Why Cloud-Native Applications Need Cloud-Native Security
Today's developers and the enterprises they work for must prioritize security in order to reap the speed and feature benefits these applications and new architectures provide.
The rise of cloud-native application architectures — and the deployment speeds they enable — are forcing many organizations to prioritize new features and functionalities over security. However, compromises that make security a low priority expose these organizations to greater risk.
Recent discoveries of API vulnerabilities and the commonplace nature of generic container configurations, for example, have combined to make modern applications highly susceptible to attacks. Enterprises cannot afford to let application security be an afterthought.
Unlike traditional applications that consisted of a single workload and required additional resources to ensure speed, today's cloud-native applications are mostly microservices-based. There are probably as many perceptions on the exact definition of the word "microservice" as there are development teams working on modern applications. Typically, however, these types of applications are broken in such a way that each individual microservice can scale independently of the others.
If you need the application to go faster, you add more instances of the microservice that is currently acting as a bottleneck. This approach works well — except for the high likelihood of risk exposure by human error.
Cloud-Native Vulnerability
It is bound to happen. Human beings, especially when working quickly to meet deadlines, make bad judgment calls. Despite warnings, employees will continue to copy and paste blindly from Stack Exchange, make microservices out of random applications found on GitHub, and even automate these microservices to regularly pull code from a repository maintained by an unknown and only questionably trustworthy third party that the developer in question has never met, or even conversed with.
Even in instances when all code is written in-house, removing the risk of third-party actors, the distributed nature of a microservices-based application means that each component can be "owned" by a different team. Communication barriers between teams can lead to all sorts of problems, among them a lack of coordination regarding testing, quality assurance, and even the resolution of vulnerabilities in the application.
A single cloud-native application can consist of thousands of workloads spread across multiple infrastructures. There can be individual microservices in on-premises data centers, multiple public clouds, edge data centers, and, eventually, in network locations we have yet to develop.
Each developer — and each team of developers — knows how to solve different problems. What they work on determines their focus and shapes their experience.

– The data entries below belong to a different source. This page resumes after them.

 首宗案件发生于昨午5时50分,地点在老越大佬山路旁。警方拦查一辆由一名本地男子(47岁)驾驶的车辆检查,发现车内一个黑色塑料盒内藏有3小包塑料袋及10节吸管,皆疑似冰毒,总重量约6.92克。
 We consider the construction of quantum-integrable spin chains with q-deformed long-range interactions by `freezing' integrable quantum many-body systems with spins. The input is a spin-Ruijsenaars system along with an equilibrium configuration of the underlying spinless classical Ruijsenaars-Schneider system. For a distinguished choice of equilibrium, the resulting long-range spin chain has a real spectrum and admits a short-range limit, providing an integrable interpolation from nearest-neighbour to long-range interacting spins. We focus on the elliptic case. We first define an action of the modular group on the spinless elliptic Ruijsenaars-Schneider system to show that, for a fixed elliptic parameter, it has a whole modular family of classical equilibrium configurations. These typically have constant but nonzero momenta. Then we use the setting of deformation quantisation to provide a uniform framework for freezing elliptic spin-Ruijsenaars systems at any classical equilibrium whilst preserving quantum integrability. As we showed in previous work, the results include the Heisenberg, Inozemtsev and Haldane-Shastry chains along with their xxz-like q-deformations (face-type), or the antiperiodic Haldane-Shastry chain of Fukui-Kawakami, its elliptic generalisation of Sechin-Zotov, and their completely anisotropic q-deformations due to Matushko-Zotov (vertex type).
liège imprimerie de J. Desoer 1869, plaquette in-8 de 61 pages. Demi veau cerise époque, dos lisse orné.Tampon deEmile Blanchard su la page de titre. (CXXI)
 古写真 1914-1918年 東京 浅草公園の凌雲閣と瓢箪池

Even if every team were to somehow make their own piece of the larger application "secure," from an internal code perspective, that microservice needs to communicate with others, and that communication is a point of vulnerability.
The bad guys — and even paying customers — are well known for doing things to applications that developers simply didn't anticipate, often creating vulnerabilities in implementation and execution that aren't visible with a simple code revision. In addition, each infrastructure applications can run on has a different security model, with different controls to be learned. Every difference is scope for further vulnerability in implementation.

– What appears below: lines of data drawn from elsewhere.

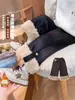Pudding Haru Winter Wear Novas Calças para Meninas 2024 Inverno Novas Calças de Malha Forradas com Lã para Crianças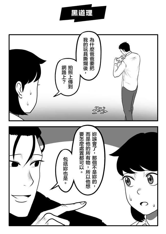 ▼網路畫家謝東霖不認同宥勝的教育方式,將「爸爸撕女兒玩具」的那一幕畫下來,還說:「妳誤會了,那個不是妳的,而是他的所有物,所以他想要怎麼處置都可以。包括妳也是。」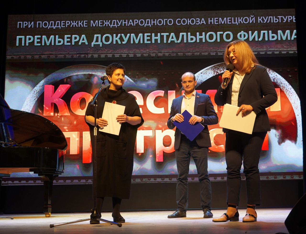 Одним из активных создателей и спикеров фильма была депутат Совета Депутатов Городского округа Коломна, в прошлом начальник УВСиКК Коломенского завода Е.В. Бычкова, которая вспомнила, что сотрудничество нашего предприятия и местной немецкой национально-культурной автономии города Коломны продолжается на протяжении вот уже 15 лет. "Мы делали проекты в разных форматах, – рассказала Екатерина Владимировна, – издавали книги, делали выставки, презентации, записывали музыкальные диски, четыре года назад в Коломне появился музыкальный фестиваль им. Николая Струве. Сегодня мы представили новый формат. Хочется вспомнить слова Аманда Струве: "Только в содружестве всех лиц, причастных к делу, лежит сила, способная одолеть препятствия".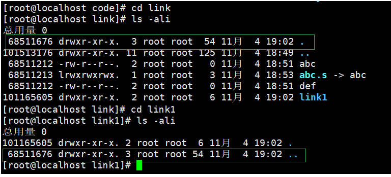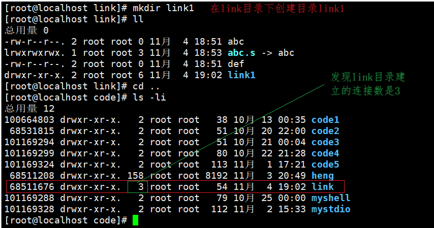 如上图我们可以发现当前目录下的 . 和下级目录下的 .. 都连接着该目录故他的连接数是3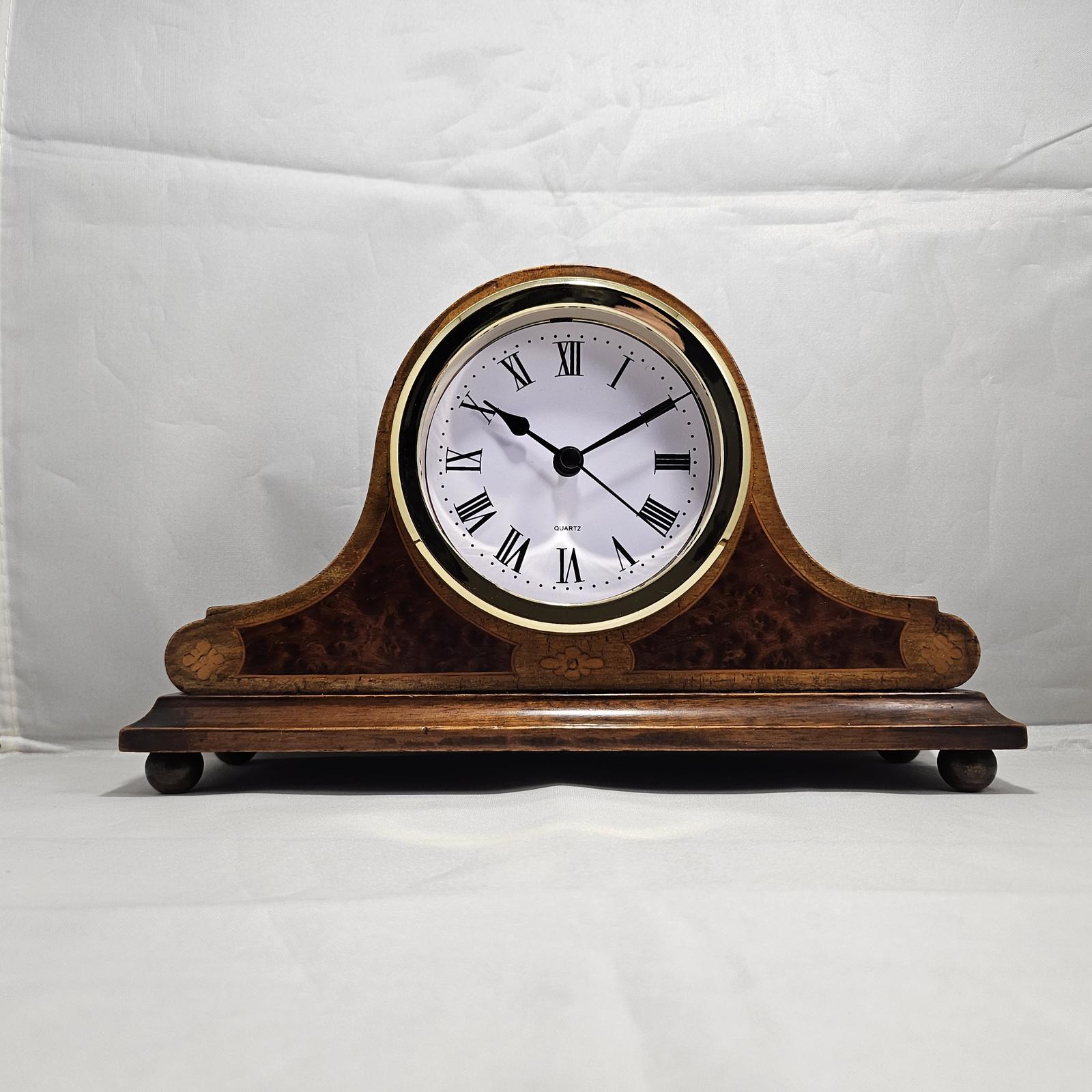 Antique Walnut Vaneered Clock Quartz Movement

This all sounds super scary. But cloud-native applications evolved for a reason. They solve very real problems and are not going away, creating a serious need to secure them. So, what can we do?
Learn, Adapt, Implement
We might call an assemblage of thousands of interoperating workloads a single application, but that doesn't mean that it is one. A cloud-native "application" is, in fact, a whole bunch of individual applications that are stitched together with automation orchestration — and a demographically disproportionate amount of caffeine.
Each and every microservice template (from which the multitude of instances are spawned) needs to be treated like its own application, when considering patching and code sourcing. It needs to be regularly updated, code must come from only known-good places and any changes in code should be tested before being allowed into production. That includes changes made to third-party repositories.
But each microservice instance — or in the worst case, group of similar instances on a single host or pod — needs to be treated like an application to ensure security. Data that flows in and out needs to be analyzed, baselined, and monitored for unexpected deviations.
Dependency management and copy data management applications can help with the template herding, but securing running instances means existing network security defenses — firewalls, advanced threat protection, command-and-control sensing, and so forth — all need to get smaller. They need to fit in containers and be able to run alongside microservices. They need to be as easy to automate and orchestrate as the microservices they defend.
The important part here, however, is that there needs to be more than just the bare-bones firewall offered up at the edge of every virtual data center a public cloud provides. Just as lateral movement can occur when an application in a traditional, on-premises data center is compromised, lateral movement can occur within an application (or at least within the portions of the application that live in that virtual data centers) when one of its microservices is compromised.
Today's cloud-native developers and the enterprises they work for need to prioritize security in order to reap the speed and feature benefits these applications and new architectures provide.